Her father died in June 1880, victim of a stroke. Several of his friends then donated funds for her to complete her studies in New York. While waiting for her degree in 1881, she joined a college friend, Josefa Agueda Felisbella Mercedes de Oliveira, to open an illustrated journal, A Mulher, which they said was "consecrated to the interests and rights of Brazilian women". Six issues were published and it attracted favourable attention both in the US and Brazil. When receiving her degree in 1881, becoming the first Brazilian woman with a medical degree, she was nominated as class valedictorian, and was awarded a gold medal for her performance during the course and for her thesis entitled "Skin Diseases". With the emperor's authorization, she then remained in New York for another year to practice medicine, mainly attending births and carrying out obstetric consultations.
==Return to Brazil and career==
Upon disembarking in Rio de Janeiro, she was received by the emperor, who advised her to dedicate her career to serving women. After her diploma was validated by the Faculty of Medicine of Rio de Janeiro (now the Federal University of Rio de Janeiro), which involved her taking further exams, she began to practice. In 1884, she met the pharmacist Antonio Costa Moraes, a graduate of the University of Leipzig, who had been a pharmacist in the Brazilian army. They married in 1886 and had five children. Estrela had initially worked in her own office but to overcome her husband's jealousy she moved to his pharmacy, where she set up a small receiving room, serving mainly women and children.

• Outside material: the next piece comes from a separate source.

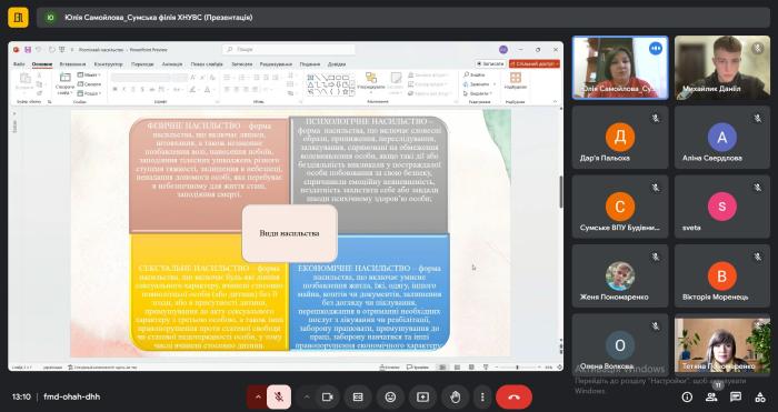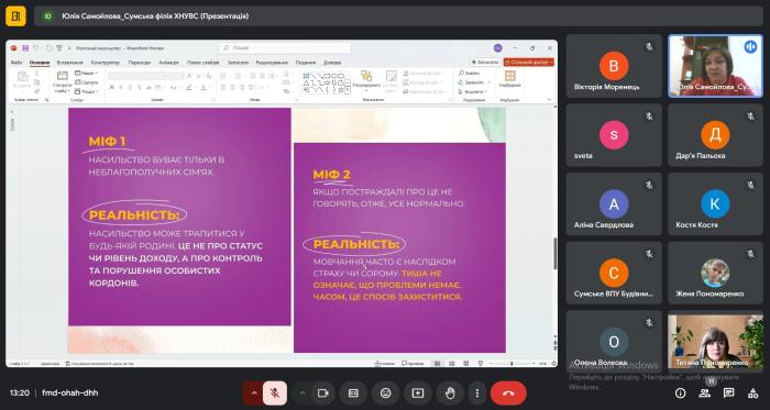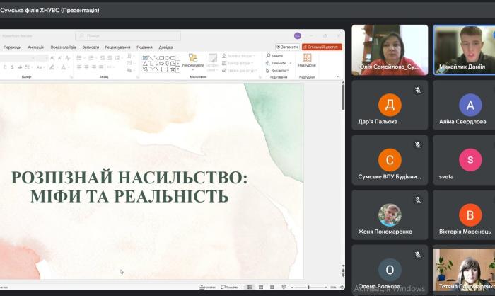 У межах проведення Всеукраїнської акції «16 днів проти насильства» для здобувачів освіти ДНЗ «Сумське вище професійне училище будівництва та автотранспорту» та учнів КУ «Сумська ЗОШ №24» інформаційний захід провели професорка кафедри гуманітарних дисциплін Сумської філії ХНУВС Юлія Самойлова та інспектор сектору ювенальної превенції Сумського РУП ГУНП у Сумській області Даніїл Михайлик.

Estrela spoke out on several occasions against slavery, which continued to be practiced in Brazil, having joined the Clube do Cupim, an abolitionist Club based in Recife and addressed a meeting of that club at the Santa Isabel Theater in Recife. Her husband died in 1904 (1908?), which forced her to reduce her opening hours so she could dedicate herself to her children, but she kept the small room in the pharmacy open where she attended to more urgent cases and prescribed medicines. She was often called upon to discuss a difficult-to-diagnose case among colleagues.
==Death==
While talking to her family, Estrela died suddenly at her home in the city of Rio de Janeiro, at the age of 86, on 18 April 1946.
==Legacy==
Through the widespread media coverage she received, Estrela inspired young women with the dream of graduating in medicine. Today her name is honoured as the patron of Chair 64 at the São Paulo Academy of Medicine, and in Poços de Caldas in Minas Gerais state, Porto Alegre in Rio Grande do Sul and Bangu, Rio de Janeiro there are streets named after her. On 8 March 1999, the Board of Directors of the Rio de Janeiro City Council awarded her the Pedro Ernesto "Post Mortem" Medal of Merit. Based on a survey of doctors carried out in Brazil in 2020, together with a study of registrations of new doctors, women now account for almost 50% of all doctors in the country.